WORK TASK: Retype word for word the stretch of entries below from the line that has "Figure 4. Training" through the line that has "8223 Scarlett Oak", and omit the pictures.
+++ EXTRACTED ENTRIES +++
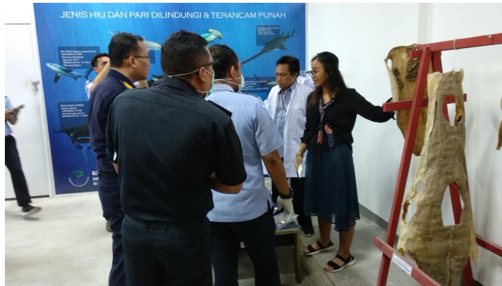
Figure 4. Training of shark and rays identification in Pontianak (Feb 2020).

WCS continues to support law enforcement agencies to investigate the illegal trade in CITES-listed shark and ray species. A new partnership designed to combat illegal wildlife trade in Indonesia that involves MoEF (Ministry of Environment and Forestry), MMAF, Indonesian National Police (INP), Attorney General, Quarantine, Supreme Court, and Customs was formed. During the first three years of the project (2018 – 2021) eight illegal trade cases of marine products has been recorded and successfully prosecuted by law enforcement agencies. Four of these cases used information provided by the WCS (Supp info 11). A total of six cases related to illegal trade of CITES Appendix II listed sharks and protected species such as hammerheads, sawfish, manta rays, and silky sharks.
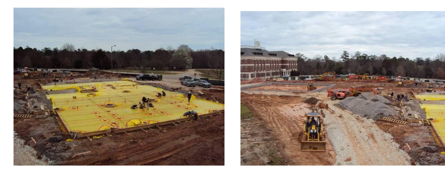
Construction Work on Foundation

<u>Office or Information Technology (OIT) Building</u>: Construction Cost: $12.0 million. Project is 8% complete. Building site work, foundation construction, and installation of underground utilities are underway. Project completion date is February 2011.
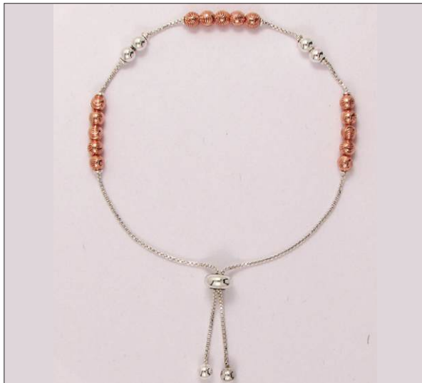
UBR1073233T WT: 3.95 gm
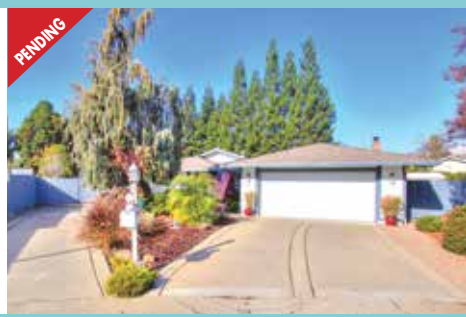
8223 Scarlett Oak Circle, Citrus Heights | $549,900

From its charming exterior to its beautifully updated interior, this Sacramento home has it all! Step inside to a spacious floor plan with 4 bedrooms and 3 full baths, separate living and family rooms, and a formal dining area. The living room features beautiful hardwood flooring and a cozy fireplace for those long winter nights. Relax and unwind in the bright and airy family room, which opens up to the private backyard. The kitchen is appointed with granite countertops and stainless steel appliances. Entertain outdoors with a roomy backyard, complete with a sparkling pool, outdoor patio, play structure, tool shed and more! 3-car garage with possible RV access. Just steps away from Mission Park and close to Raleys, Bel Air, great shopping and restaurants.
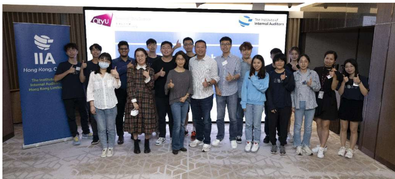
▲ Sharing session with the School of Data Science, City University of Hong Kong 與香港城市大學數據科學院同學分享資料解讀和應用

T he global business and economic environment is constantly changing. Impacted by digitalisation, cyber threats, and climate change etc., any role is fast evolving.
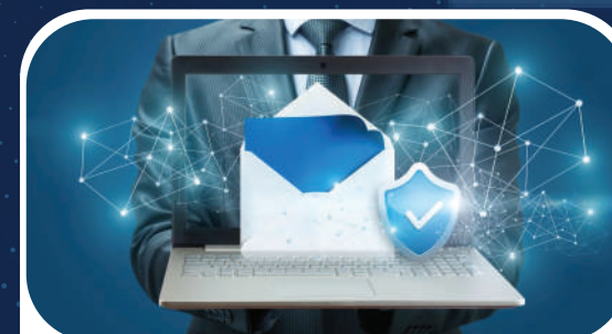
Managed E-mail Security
+++
+++ EXTRACTED ENTRIES +++
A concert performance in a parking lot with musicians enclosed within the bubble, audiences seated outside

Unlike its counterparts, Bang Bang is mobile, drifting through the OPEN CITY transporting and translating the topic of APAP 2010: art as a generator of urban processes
+++
OUTPUT FOR THIS TASK:
Figure 4. Training of shark and rays identification in Pontianak (Feb 2020).

WCS continues to support law enforcement agencies to investigate the illegal trade in CITES-listed shark and ray species. A new partnership designed to combat illegal wildlife trade in Indonesia that involves MoEF (Ministry of Environment and Forestry), MMAF, Indonesian National Police (INP), Attorney General, Quarantine, Supreme Court, and Customs was formed. During the first three years of the project (2018 – 2021) eight illegal trade cases of marine products has been recorded and successfully prosecuted by law enforcement agencies. Four of these cases used information provided by the WCS (Supp info 11). A total of six cases related to illegal trade of CITES Appendix II listed sharks and protected species such as hammerheads, sawfish, manta rays, and silky sharks.
Construction Work on Foundation

<u>Office or Information Technology (OIT) Building</u>: Construction Cost: $12.0 million. Project is 8% complete. Building site work, foundation construction, and installation of underground utilities are underway. Project completion date is February 2011.
UBR1073233T WT: 3.95 gm
8223 Scarlett Oak Circle, Citrus Heights | $549,900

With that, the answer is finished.